Required work: Set down exactly the lines from the one containing "Die FKS 145" to the final line of the records below, with every picture omitted.

Listed entries:
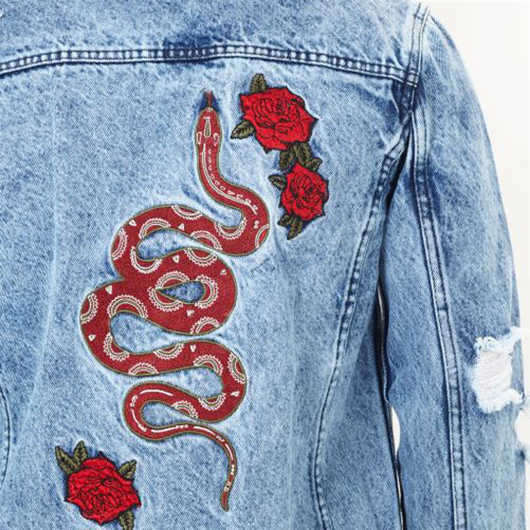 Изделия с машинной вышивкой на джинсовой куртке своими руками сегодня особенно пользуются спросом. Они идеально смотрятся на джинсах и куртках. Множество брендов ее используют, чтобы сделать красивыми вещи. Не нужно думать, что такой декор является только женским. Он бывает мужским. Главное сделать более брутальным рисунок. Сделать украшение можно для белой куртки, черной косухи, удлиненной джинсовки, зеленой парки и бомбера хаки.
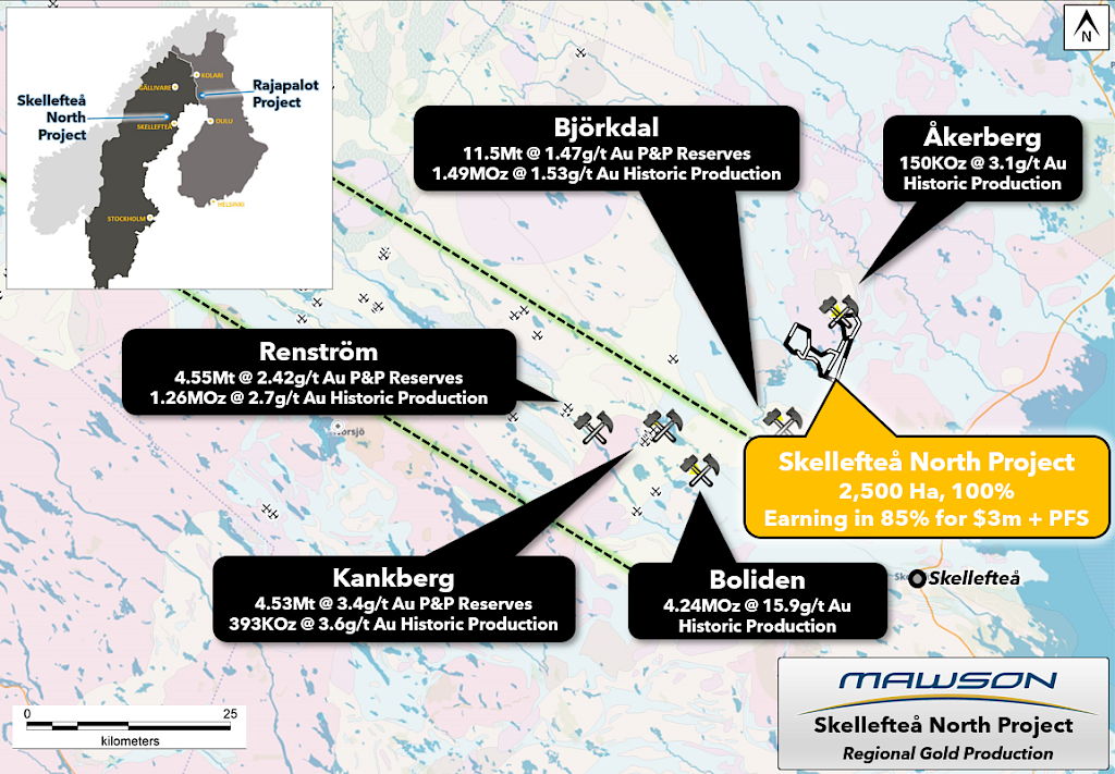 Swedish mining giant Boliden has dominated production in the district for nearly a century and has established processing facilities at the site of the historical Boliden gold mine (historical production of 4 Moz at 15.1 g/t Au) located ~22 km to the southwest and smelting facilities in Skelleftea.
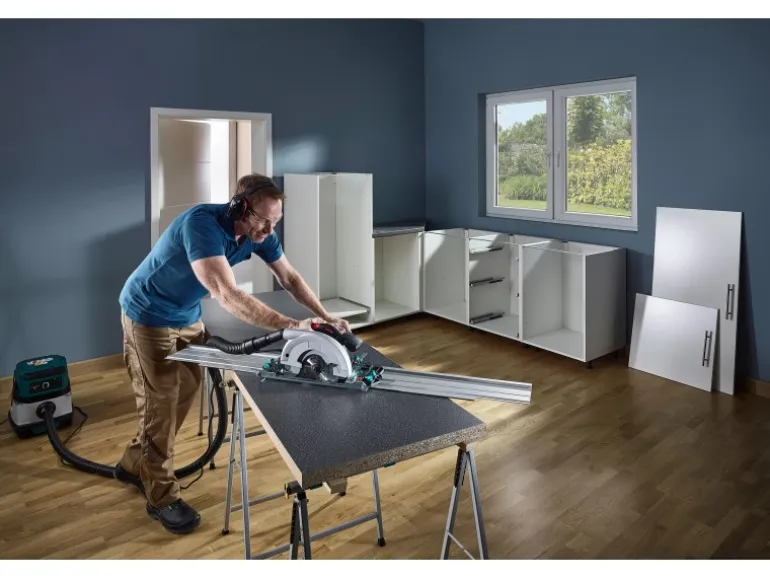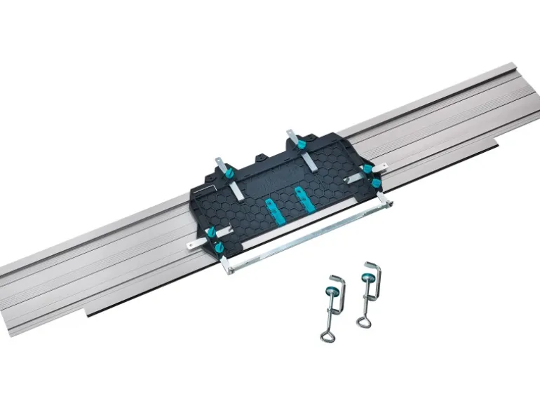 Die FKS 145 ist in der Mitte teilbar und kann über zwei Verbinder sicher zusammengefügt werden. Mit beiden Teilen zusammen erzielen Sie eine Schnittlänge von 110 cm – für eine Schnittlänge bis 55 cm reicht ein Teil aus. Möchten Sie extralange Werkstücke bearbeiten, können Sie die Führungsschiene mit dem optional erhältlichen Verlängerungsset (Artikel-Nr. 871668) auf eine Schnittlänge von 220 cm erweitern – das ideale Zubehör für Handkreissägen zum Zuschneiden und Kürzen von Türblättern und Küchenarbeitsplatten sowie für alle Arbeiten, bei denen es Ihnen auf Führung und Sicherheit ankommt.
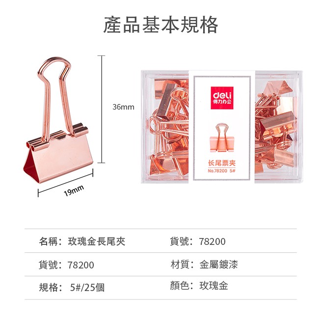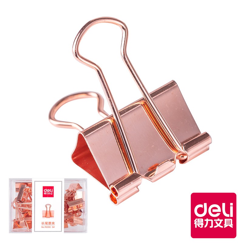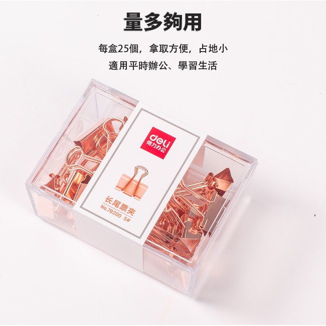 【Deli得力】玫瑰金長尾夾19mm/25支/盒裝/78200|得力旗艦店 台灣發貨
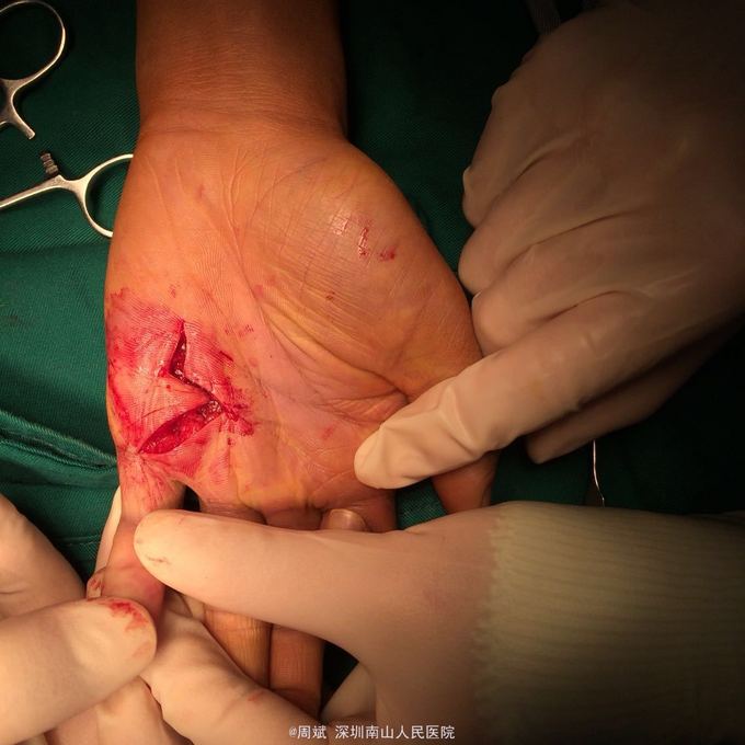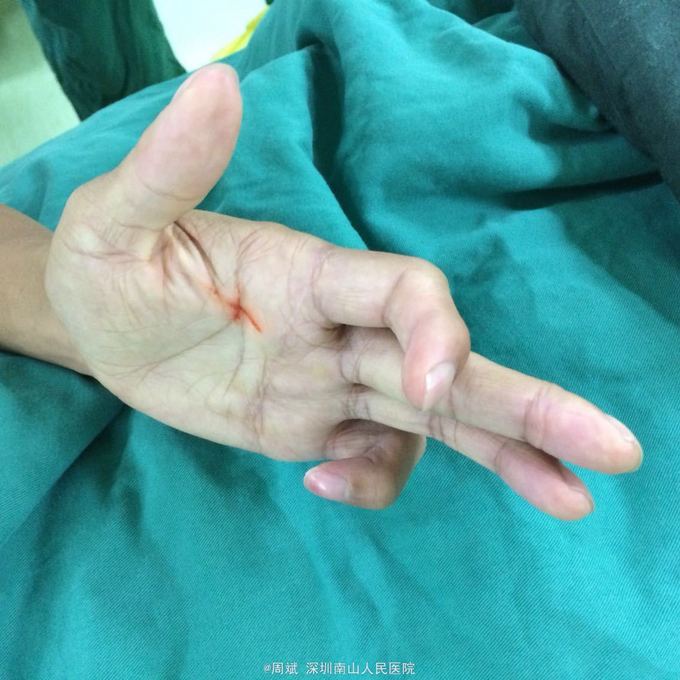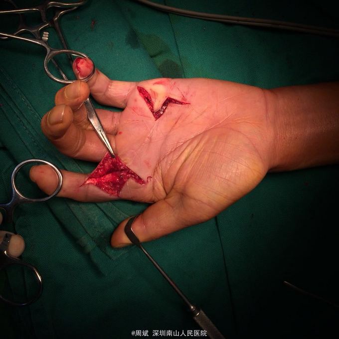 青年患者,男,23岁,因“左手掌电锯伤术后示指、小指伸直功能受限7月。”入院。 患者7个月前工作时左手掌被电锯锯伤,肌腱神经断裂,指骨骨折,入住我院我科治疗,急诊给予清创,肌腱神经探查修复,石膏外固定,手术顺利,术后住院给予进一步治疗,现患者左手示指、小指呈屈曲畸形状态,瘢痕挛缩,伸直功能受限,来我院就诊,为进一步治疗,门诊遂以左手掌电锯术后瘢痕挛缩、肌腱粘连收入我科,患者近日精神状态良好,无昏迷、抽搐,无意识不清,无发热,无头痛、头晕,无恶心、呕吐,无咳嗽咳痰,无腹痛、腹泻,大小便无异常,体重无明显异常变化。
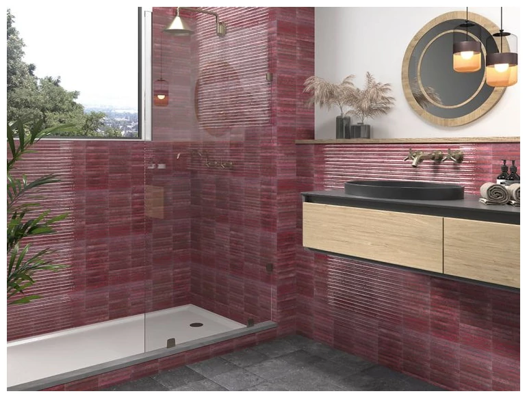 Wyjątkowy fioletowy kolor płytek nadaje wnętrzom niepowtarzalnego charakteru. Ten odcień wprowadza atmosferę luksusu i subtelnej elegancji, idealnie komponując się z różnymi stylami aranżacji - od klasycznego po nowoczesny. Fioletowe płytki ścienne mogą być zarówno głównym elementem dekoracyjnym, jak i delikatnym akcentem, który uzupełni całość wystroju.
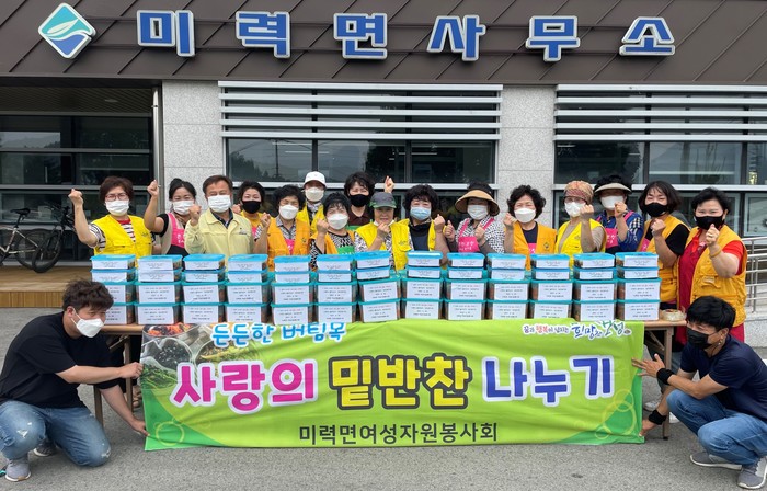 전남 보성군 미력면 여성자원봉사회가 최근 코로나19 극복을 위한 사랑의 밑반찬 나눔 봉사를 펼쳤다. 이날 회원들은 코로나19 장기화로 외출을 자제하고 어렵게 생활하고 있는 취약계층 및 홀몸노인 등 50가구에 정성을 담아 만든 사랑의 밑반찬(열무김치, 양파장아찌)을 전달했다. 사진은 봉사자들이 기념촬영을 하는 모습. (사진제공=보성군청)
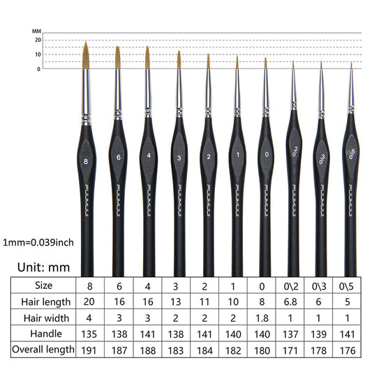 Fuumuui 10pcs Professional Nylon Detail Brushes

Task result:
 Die FKS 145 ist in der Mitte teilbar und kann über zwei Verbinder sicher zusammengefügt werden. Mit beiden Teilen zusammen erzielen Sie eine Schnittlänge von 110 cm – für eine Schnittlänge bis 55 cm reicht ein Teil aus. Möchten Sie extralange Werkstücke bearbeiten, können Sie die Führungsschiene mit dem optional erhältlichen Verlängerungsset (Artikel-Nr. 871668) auf eine Schnittlänge von 220 cm erweitern – das ideale Zubehör für Handkreissägen zum Zuschneiden und Kürzen von Türblättern und Küchenarbeitsplatten sowie für alle Arbeiten, bei denen es Ihnen auf Führung und Sicherheit ankommt.
 【Deli得力】玫瑰金長尾夾19mm/25支/盒裝/78200|得力旗艦店 台灣發貨
 青年患者,男,23岁,因“左手掌电锯伤术后示指、小指伸直功能受限7月。”入院。 患者7个月前工作时左手掌被电锯锯伤,肌腱神经断裂,指骨骨折,入住我院我科治疗,急诊给予清创,肌腱神经探查修复,石膏外固定,手术顺利,术后住院给予进一步治疗,现患者左手示指、小指呈屈曲畸形状态,瘢痕挛缩,伸直功能受限,来我院就诊,为进一步治疗,门诊遂以左手掌电锯术后瘢痕挛缩、肌腱粘连收入我科,患者近日精神状态良好,无昏迷、抽搐,无意识不清,无发热,无头痛、头晕,无恶心、呕吐,无咳嗽咳痰,无腹痛、腹泻,大小便无异常,体重无明显异常变化。
 Wyjątkowy fioletowy kolor płytek nadaje wnętrzom niepowtarzalnego charakteru. Ten odcień wprowadza atmosferę luksusu i subtelnej elegancji, idealnie komponując się z różnymi stylami aranżacji - od klasycznego po nowoczesny. Fioletowe płytki ścienne mogą być zarówno głównym elementem dekoracyjnym, jak i delikatnym akcentem, który uzupełni całość wystroju.
 전남 보성군 미력면 여성자원봉사회가 최근 코로나19 극복을 위한 사랑의 밑반찬 나눔 봉사를 펼쳤다. 이날 회원들은 코로나19 장기화로 외출을 자제하고 어렵게 생활하고 있는 취약계층 및 홀몸노인 등 50가구에 정성을 담아 만든 사랑의 밑반찬(열무김치, 양파장아찌)을 전달했다. 사진은 봉사자들이 기념촬영을 하는 모습. (사진제공=보성군청)
 Fuumuui 10pcs Professional Nylon Detail Brushes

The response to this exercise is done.